Defendant (formerly: Limited Liability Company E) is a company surviving after merger with C on January 9, 2017.
B. On November 9, 2016, the Defendant and C prepared an extraordinary general meeting minutes to the effect that the case of approval of the merger contract was resolved at a temporary general meeting of members on November 8, 2016, as an agenda item.
On January 9, 2017, the Defendant completed the procedures for protecting creditors following the merger, and prepared a provisional general meeting minutes to the effect that the merger will be resolved with the consent of all members of the general meeting.
C. The Defendant did not go through the notification procedure to the Plaintiff Branch Construction Co., Ltd., a creditor of C while proceeding with the instant merger, and recognized the minutes of the temporary general meeting prepared by the Defendant and C as being stamped only on the documents created by the certified judicial scrivener office.
[Ground of recognition] without any dispute, Gap's 1 through 5, Gap's 8 through 13, the purport of the whole pleadings and arguments
2. Determination on standing to sue
A. We examine ex officio whether the plaintiff A has standing to sue in the instant lawsuit.

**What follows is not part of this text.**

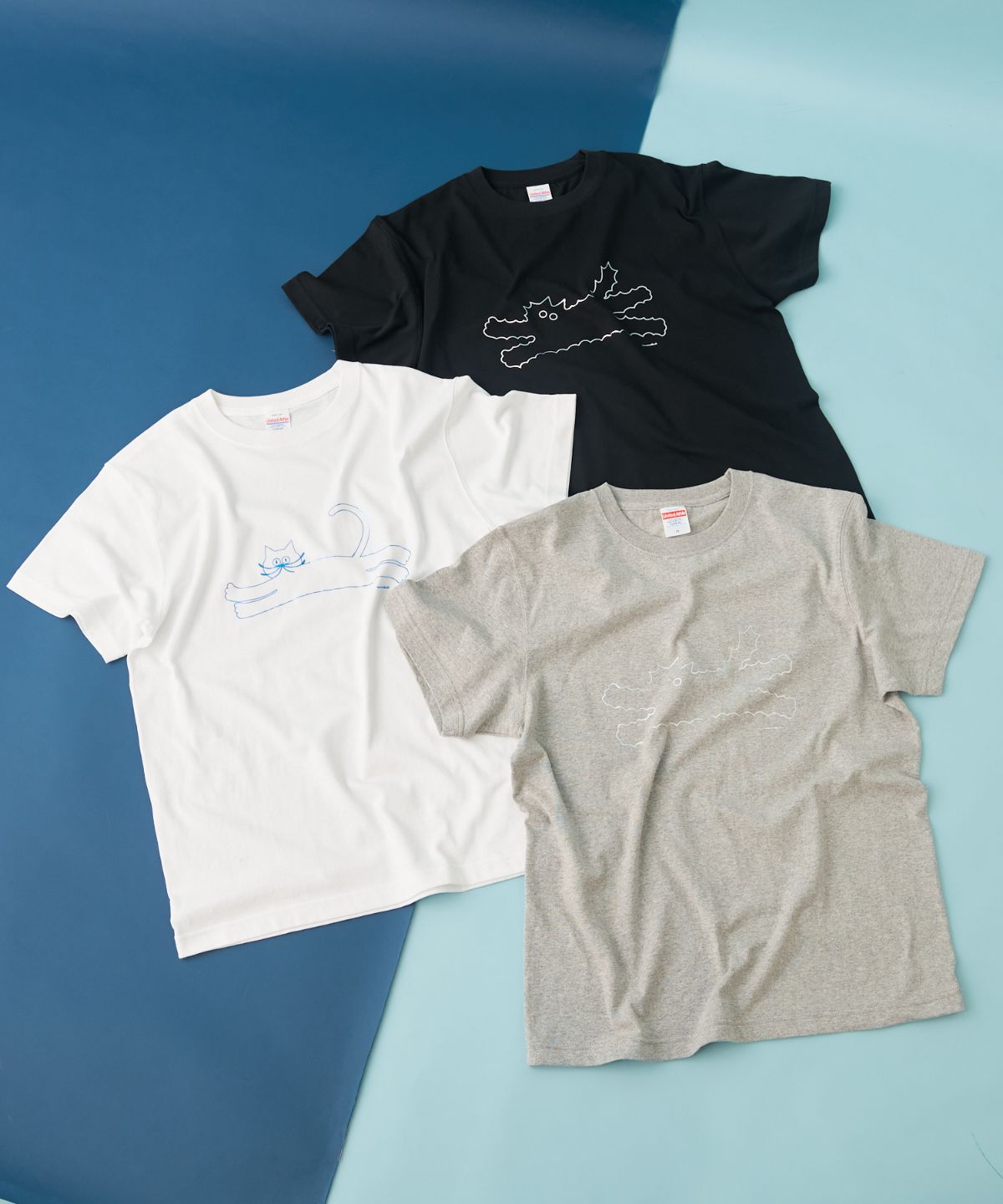 きらっとした箔が目を惹くねこのプリントTシャツ。シンプルなカラー展開でどんな服装にも合わせやすくコーディネートしやすいです。

B. Article 529(1) of the Commercial Act provides that “The invalidation of a merger may be asserted only by a lawsuit against any shareholder, director, auditor, liquidator, bankruptcy trustee, or creditor who has not approved the merger,” and Article 603 of the Commercial Act provides that the foregoing provision shall apply mutatis mutandis to the merger of a limited liability company.
C. As to the instant case, the fact that C was one of the members of D Limited Liability Company at the time of the instant merger is as seen earlier.
On the other hand, even according to the assertion itself, the plaintiff A is not a member of C.